Indirect and Semi-Direct Aerosol Campaign (ISDAC)
1 April 2008 - 30 April 2008
Lead Scientist: Steven Ghan
An intensive cloud and aerosol observing system was deployed to the ARM Climate Research Facility’s (ACRF) North Slope of Alaska (NSA) locale for three weeks in April 2008. This period was chosen because it was during the International Polar Year when many ancillary observing systems were collecting data that would be synergistic for interpreting the Indirect and Semi-Direct Aerosol Campaign (ISDAC) data. It also provided an important contrast with the October 2004 Mixed-Phase Arctic Cloud Experiment (M-PACE). Thirty to 45 hours of flight time were required with aircraft capable of measuring temperature, humidity, total particle number, aerosol size distribution, aerosol hygroscopicity, cloud condensation nuclei concentration, ice nuclei concentration, optical scattering and absorption, updraft velocity, cloud liquid water and ice contents, cloud droplet and crystal size distributions, cloud particle shape, and cloud extinction. In addition to these aircraft measurements, there was a surface deployment of a spectroradiometer for retrieving cloud optical depth and effective radius.
These measurements will be used by members of the ARM Science Team to answer the following key questions:
How do properties of the arctic aerosol during April differ from those measured during the MPACE in October?

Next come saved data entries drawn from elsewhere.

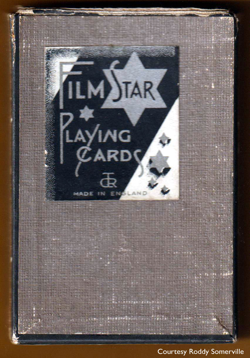Above: 'Film Star Playing Cards ' for Metro-Goldwyn-Mayer manufactured by De la Rue & Co., London, 1933. All the court cards and Joker are printed in red, yellow, green, black and white. The court cards are the same at each end except the Jack of Diamonds. Printed by offset-litho. Double pack 2 x (52 cards + Joker + contract scoring card). Red/silver and black/silver backs. Images courtesy Barney Townshend.
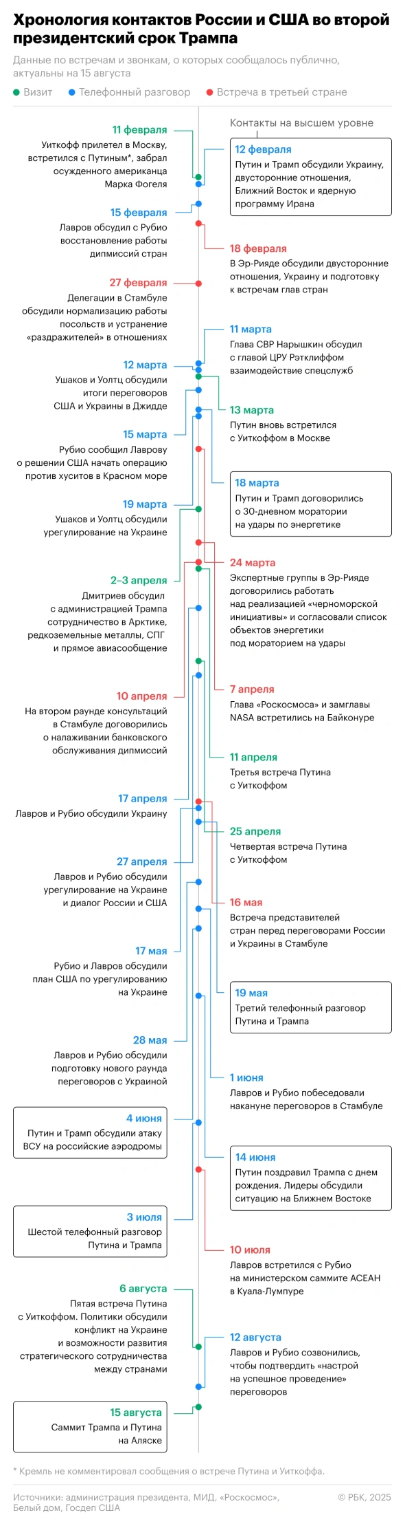 США после прихода к власти администрации Трампа возобновили контакты с Москвой. На протяжении всего 2025 года стороны вели телефонные переговоры, переговорщики посещали Россию и США, встречались в третьих странах.
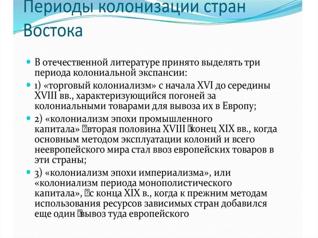 Периоды колонизации стран Востока
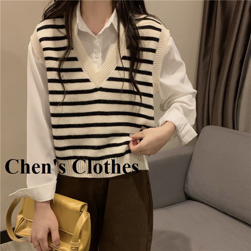 Áo len áo gile kẻ sóng freesize cổ V cài 1 khuy dáng rộng hoạ tiết kẻ dành cho nữ - shopbelinh
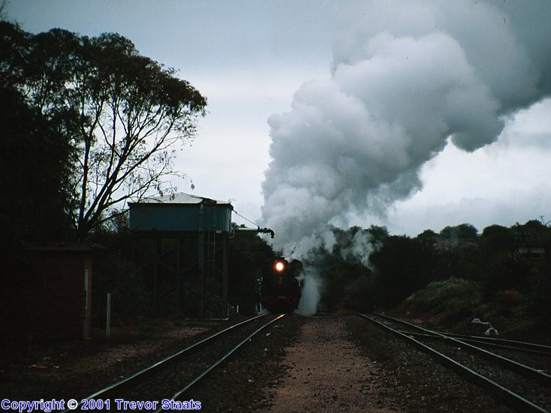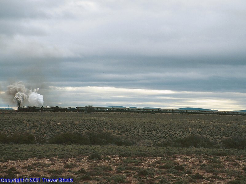 the wheel The timing was just right, but this time it was steam calling... Cloud, gloom and fog all around... It was just getting light by the time we'd reached Vlakteplaas, sunrise time was uncertain due to the thick grey crud that covered the sky from horizon to horizon. We had a walk around the station area, I was surprised to see a brick-lined turntable pit at the Oudtshoorn end of the yard - I've never seen one in this country before (well except for the new one at Knysna). The station buildings were in a state of disrepair, the floorboards from the signal box long since burned in a fire somewhere, only leaving the pit that once held the semaphore frame. In the back room the smashed remains of a Van Schoor machine was kept company by the many piles of excrement left there by locals seeking a sheltered spot to sit and think. A little later the sound of hardworking locos came echoing through the valley, and 24 3668 with 19D 3324 steamed around the bend, a hanging cloud of steam marking their passage. Going at a decent speed, they clattered through Vlakteplaas and on towards Snyberg. Their passing made a decent video shot but not good for much else. Then into the car and off in pursuit - no easy feat with the rough and windy road following the line, whilst the Dolly and 24 rode the high iron with their passengers enjoying a breakfast in the dining car, entertainment provided by yours truly trying to pilot the car through the dips, bumps and detours! Then into Snyberg where locomotive requirements were satisfied. Fires were cleaned and tenders filled. During the process a goods ran through behind 34.001, 34.009 and 34.111. The passengers seemed to be mostly from the UK, with well-known Cape enthusiast Mark Robinson presiding over the runpast organisation. After the locos were ready, a false start was held in the continuing gloom. A little further on, a runpast was held at the famous Rooiwalle. The sky had brightened sufficiently for some reasonable shots by this stage. Back on the train and a cup of tea later we were in Toorwaterpoort. Somebody was muttering something about Toorwaterpoort being in a global insurance exemption zone as we all clambered up the near sheer rocks to get the shot. The poort was a bit dim but the echo of the locos thundering through was certainly something! A few runpasts through this magnificent piece of natural stonework and the locos retreated to Toorwater station for servicing once more. The pumps worked furiously to replenish the tender water from the tankers standing on the siding, but after a while we were ready to go again. Straight through Toorwaterpoort this time and out the other side, still no sunshine. Another runpast was held at Vondeling station, the previously well-kept station building and surrounds are in ruins, with the station windows all smashed and buildings vandalised. The visiting railfans improved the situation somewhat by removing weeds and bushes from the immediate area, such is the kind-hearted nature of these railfans. The added (but by far secondary) bonus was getting a clearer shot of the train. Tantalising glimpses of sunshine on the distant mountains did not help as the train steamed through in the gloom. Back aboard once more and climbing towards Kranspoort. At the start of the poort another runpast was held, spectacular and quite moody in the prevailing weather conditions. The locos had their work cut out climbing through the gorge, but they did it in fine style and crested the summit at good speed. Every window in the train had a head sticking out of it as the passengers enjoyed the sight and sound of the climb. Next stop was at Antonie where we crossed 34.027 and 34.019 on a lengthy goods before a final runpast was held. Soon afterwards we arrived at Willowmore where 34.115 and 34.123 took over. The station here had also been thoroughly vandalised - a great shame. Back into the car again and off to Graaff Reinet and Bethesda Road. Gloomier weather set in, with heavy rain falling. We stopped at Graaff Reinet to see if the Lootsberg locos were there but the wet station yards were silent. Then onwards towards Bethesda Road, really strange weather. Freezing cold, super thick fog, rain, thunder and lightning! We eventually found the Goods Bottle Inn near Bethesda Road and checked in. The place was fairly basic but clean, and the lounge had a lovely open fire which we enjoyed after dinner. All pictures Copyright © 2001 Trevor Staats |

To what extent do the different properties of the arctic aerosol during April produce differences in the microphysical and macrophysical properties of clouds and the surface energy balance?
To what extent can cloud models and the cloud parameterizations used in climate models simulate the sensitivity of arctic clouds and the surface energy budget to the differences in aerosol between April and October?
How well can long-term surface-based measurements at the ACRF NSA locale provide retrievals of aerosol, cloud, precipitation, and radiative heating in the Arctic?
By using many of the same instruments used during M-PACE, we were able to contrast the arctic aerosol and cloud properties during October and April. The aerosol measurements can be used in cloud models driven by objectively analyzed boundary conditions to test whether the cloud models can simulate the aerosol influence on the clouds. The influence of aerosol and boundary conditions on the simulated clouds can be separated by running the cloud models with all four combinations of M-PACE and ISDAC aerosol and boundary conditions: M-PACE aerosol and boundary conditions, M-PACE aerosol and ISDAC boundary conditions, ISDAC aerosol and M-PACE boundary conditions, and ISDAC aerosol and boundary conditions. ISDAC and M-PACE boundary conditions were likely to be very different because of the much more extensive ocean water during M-PACE. The uniformity of the surface conditions during ISDAC greatly simplifies the objective analysis (surface fluxes and precipitation are very weak), so that it can largely rely on the European Centre for Medium-Range Weather Forecasts analysis. The ISDAC cloud measurements can be used to evaluate the cloud simulations and to evaluate cloud retrievals. The aerosol measurements can also be used to evaluate the aerosol retrievals. By running the cloud models with and without solar absorption by the aerosols, we can determine the semi-direct effect of the aerosol on the clouds.
The U.S. Department of Energy, primary sponsor for ISDAC, is collaborating with the following agencies, universities, and companies.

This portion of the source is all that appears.